Subzero: Update the lowering documentation.

BUG= none
R=jvoung@chromium.org

Review URL: https://codereview.chromium.org/846763002
diff --git a/LOWERING.rst b/LOWERING.rst
index 251e25c..d51cd46 100644
--- a/LOWERING.rst
+++ b/LOWERING.rst
@@ -18,7 +18,7 @@
 know whether a ``Variable`` operand will meet a target instruction's physical
 register requirement.
 
-To this end, ICE allows certain hints/directives:
+To this end, ICE allows certain directives:
 
     * ``Variable::setWeightInfinite()`` forces a ``Variable`` to get some
       physical register (without specifying which particular one) from a
@@ -27,18 +27,15 @@
     * ``Variable::setRegNum()`` forces a ``Variable`` to be assigned a specific
       physical register.
 
-    * ``Variable::setPreferredRegister()`` registers a preference for a physical
-      register based on another ``Variable``'s physical register assignment.
-
-These hints/directives are described below in more detail.  In most cases,
-though, they don't need to be explicity used, as the routines that create
-lowered instructions have reasonable defaults and simple options that control
-these hints/directives.
+These directives are described below in more detail.  In most cases, though,
+they don't need to be explicity used, as the routines that create lowered
+instructions have reasonable defaults and simple options that control these
+directives.
 
 The recommended ICE lowering strategy is to generate extra assignment
-instructions involving extra ``Variable`` temporaries, using the
-hints/directives to force suitable register assignments for the temporaries, and
-then let the global register allocator clean things up.

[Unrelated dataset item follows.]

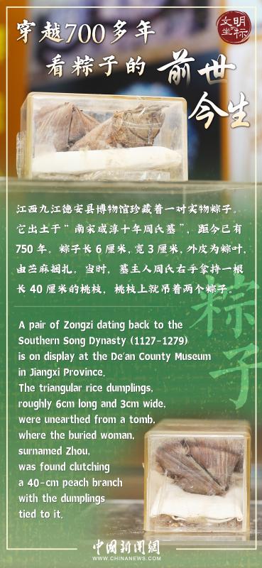 A pair of triangular rice dumplings in De'an County Museum in Jiangxi province, which are roughly 6cm long and 3cm wide, were unearthed from a tomb built during the Southern Song Dynasty (1127-1279). The woman buried in the tombwas found clutching a 40-cm peach branch with the dumplings tied to it.

+instructions involving extra ``Variable`` temporaries, using the directives to
+force suitable register assignments for the temporaries, and then let the
+register allocator clean things up.
 
 Note: There is a spectrum of *implementation complexity* versus *translation
 speed* versus *code quality*.  This recommended strategy picks a point on the
@@ -47,8 +44,8 @@
 the fastest translation speed since extra instructions and operands are created
 up front and cleaned up at the end.
 
-Ensuring some physical register
-^^^^^^^^^^^^^^^^^^^^^^^^^^^^^^^
+Ensuring a non-specific physical register
+^^^^^^^^^^^^^^^^^^^^^^^^^^^^^^^^^^^^^^^^^
 
 The x86 instruction::
 
@@ -71,71 +68,31 @@
 
 ``Cfg::makeVariable()`` generates a new temporary, and
 ``Variable::setWeightInfinite()`` gives it infinite weight for the purpose of
-register allocation, thus guaranteeing it a physical register.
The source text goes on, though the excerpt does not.